И при этом развел руками, как бы показывая величину этого «араньи».

— Змея?.. Кугуар?.. Рыба такая, что ли? — допытывались мы. Но толку так и не добились. Тогда Мортимер стегнул бичом проводника, по-прежнему стоявшего посреди дороги, не позволяя ехать. От удара краснокожий зашипел, как змея, которой наступили на хвост, отскочил было в сторону, но, когда мы тронулись в путь, погнался за нами и снова загородил тропинку.

На глазах у него появились даже слезы, и опять все то же:

— Аранья! Аранья 1 Смерть!

Ушел он от нас только тогда, когда Эндрью, рассердившись, прицелился в него из ружья.

Я видел: покуда мы не свернули в сторону, покуда мы не отъехали на порядочное расстояние, мальчуган стоял у начала тропинки, долго и печально кивал головой и махал руками, зовя нас обратно.

— Старая шутка, — сказал Мортимер. — Знаем мы эти фокусы чертей с красной кожей. Может быть, в этой трущобе и прячется какое-нибудь диковинное существо, но посмотрим, что там такое. Не правда ли, ребята?

— Разумеется, посмотрим, — отозвались мы и продолжали путь.

Километров через пять дорога пошла болотами. Мулы наши стали увязать в грязи местами по брюхо. Я видел, что толку тут не будет. Попробовал было уговорить товарищей вернуться, но оба они словно с ума сошли. Подняли даже меня на смех:

— Что, струсил? Какой-то «араньи» или «орканьи» испугался… Тьфу, стыдись, Смит. Если трусишь, то поворачивай оглобли, а мы хоть и к черту на рога, да полезем.

Меня взорвало: вовсе я не трус, но разбивать лоб о стенку — благодарю покорно. Но что же делать? Как-то неловко оставлять товарищей на полдороге. Может быть, и в самом деле им будет грозить какая-нибудь опасность, а я буду в стороне?.. Нет, эта марка не пройдет. Едут они, так поеду и я. Пусть никто не говорит потом, что я, Гуг Смит, испугался какой-то мифической «араньи».

К вечеру мы забрели в страшную глушь. Но тут стали попадаться кое-какие следы: во-первых, я обнаружил в траве скелет лошади, возле которого валялось полуистлевшее мексиканское седло, а немного поодаль — скелет мула.

— Смотрите, ребята, — сказал я, — это не к добру. Вероятно, тут водится ядовитая болотистая трава.

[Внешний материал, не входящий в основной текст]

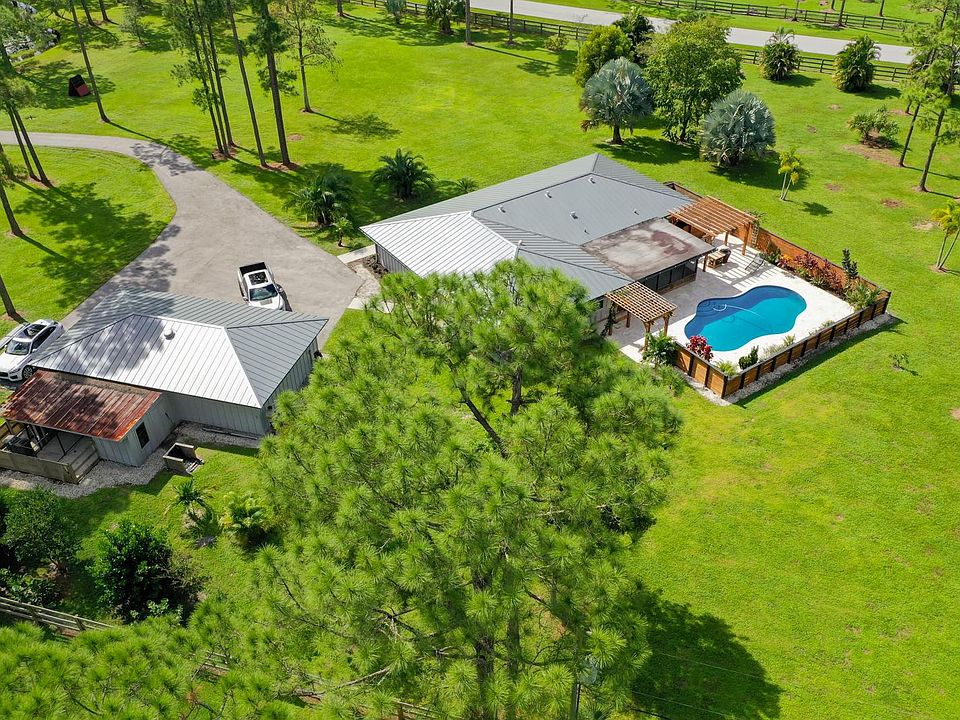 Get Ready For Your Equestrian Dream Property! This Piece Of Paradise Offers A Little Bit Of Everything. Private and serene community of Caloosa. This well-maintained 5+ acre of property has been completely updated inside and out.Single family home on corner lot. Fully Renovated 3 bed / 2 bath /an office / and den . 2 separate car garages for two cars each, 4 car garage total. Impact windows. Screened patio, over looking swimming pool. New fence surrounding entire property. New driveway wood gate . New A/C, new roof. Beautiful home with ideal layout for entertaining. Salt water swimming pool has been newly finished. The kitchen has been updated with beautiful cabinetry, countertops and stainless steel appliances.

Если наши мулы ее налопаются и подохнут, нам будет круто.

— А мы не будем пускать их пастись, а ножами нарежем травы, среди которой не будет ни одного подозрительного растения, — ответил Мортимер.

— Ну, разве что так, — согласился я. — Но смотрите в оба, товарищи, мне эта штука вот как не нравится, должен вам сказать откровенно.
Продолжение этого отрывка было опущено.